The United States sits at the top of this hierarchy as the biggest beneficiary of this process of globalization, which is lacking in both fairness and justice. The rest of the world, including China, have partaken in this system either actively or passively to obtain legal benefits by trading their natural or human resources with relative advantages. However, they are all ruled and exploited by the international group of rentiers represented by Wall Street. This group has successfully seized resources and drawn excess profit from the whole world.
However, the political system in the United States has made the most of the dividends of U.S.-led globalization, pocketed exclusively by a small group of ruling elites while abandoning a large number of blue-collar workers. Therefore, this is a domestic political, economic and social problem for the United States itself, rather than the result of an external economic invasion.
However, the United States, as the global military and economic superpower, never seriously considers its own domestic reform, but is instead used to passing on domestic issues and economic crises by flooding the global market with its own inflated dollars and launching trade wars, and at times military invasions, against other states. Simply put, Washington has long been accustomed to using hegemonic means to force other countries to sacrifice their national interests and legitimate rights to development to pay for the insatiable greed of the U.S. rentiers.
Who will suffer?
The above reasons and indigenous causes of Trump's "economic world war" dictate that even if the United States could win this trade fight against the world, including China and the United States' traditional allies like the EU, Japan and South Korea, ordinary U.S. people would not receive a penny from the triumph. Rather, they will be further plagued with suffering at the hands of the power-holding groups who will successfully strengthen their grip on global resources and the international market, as well as their control at home.

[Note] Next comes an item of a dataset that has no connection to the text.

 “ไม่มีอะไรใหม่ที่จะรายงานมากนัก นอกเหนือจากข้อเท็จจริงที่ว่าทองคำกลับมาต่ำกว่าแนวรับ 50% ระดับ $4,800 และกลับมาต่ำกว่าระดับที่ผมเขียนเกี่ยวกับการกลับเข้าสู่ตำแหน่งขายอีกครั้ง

Therefore, as long as the political and economic institutions in the United States remain fundamentally unreformed, the vast ill-gotten wealth extracted from the world will be devoured by the ruling U.S. rentier class, rather than used to improve the lives of ordinary people. More severely, since Trump has launched a trade war against nearly all the world's major economies, the daily life of people in the United States will be significantly affected.

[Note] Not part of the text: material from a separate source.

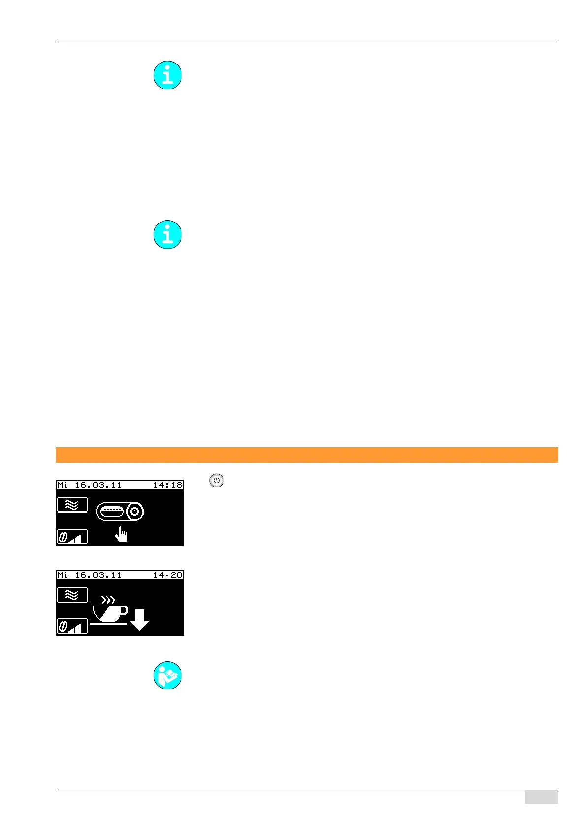 The "Ready for operation" main window appears as soon as the coffee machine is

While the United States is no longer the world's factory as it was in the 19th and early 20th centuries, ordinary people today still enjoy the privilege of consuming high-quality products from around the world at a low price, including those made in China. They have globalization to thank. However, due to Trump's trade war, goods from China and Southeast Asia may increase in price to compensate for excessive tariffs. The resulting losses will not be shouldered by property tycoons like Trump and his cronies, but by people who will be forced to buy similar products made in the United States at a much higher price. Huge profits will then fill the pockets of U.S. manufacturers and big business owners, and widen the gap between the rich and the poor.
Trump has made an enemy of not only China but also the whole world. And his economic war will inevitably trigger a response from China, the EU, India, Japan and South Korea, among others. The U.S. grassroots will suffer from the consequences, including workers in Detroit, soybean farmers in the Midwest and fishermen in the country's coastal regions.

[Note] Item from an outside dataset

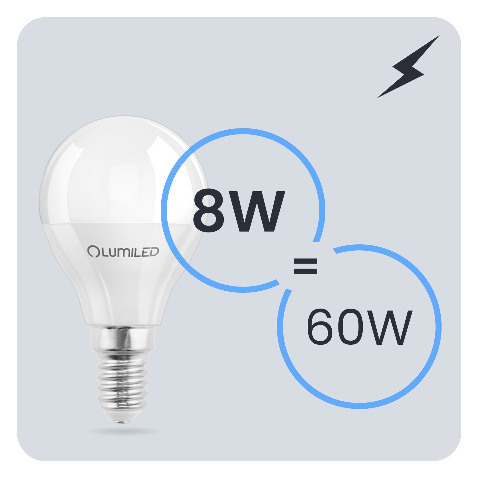 8W, 6500K LED žiarovka od spoločnosti Lumiled kombinuje vysoký výkon s energetickou účinnosťou. S vyžarovaným svetelným tokom880 lúmenov poskytuje svetlo porovnateľné s tradičnou 60-wattovou žiarovkou a zároveň výrazne znižuje spotrebu elektrickej energie. Vďaka malým rozmerom a závitu E14 je ideálna pre nástenné svietniky, lampy a svietidlá s obmedzeným priestorom. Je praktickou voľbou do miestností, kde potrebujete ostré, ale oku lahodiace osvetlenie.

In sum, the United States, once a leader of globalization and a founding member of the WTO, has now turned to isolationism and trade protectionism. Trump's missteps have not only produced more U.S. enemies in the world, but provoked public anger at home as well. At this historic juncture, the U.S. people should stand up bravely as their ancestors did and say no to the oligarchs.
After all, in an era of multi-polarization, no country can be above others. Rather, only mutual respect, equal consultation, mutual benefit and win-win principles can safeguard the common security and sustainable prosperity of all the people and nations of the world.
Wang Peng is an associate researcher at Chongyang Institute for Financial Studies at Renmin University of China.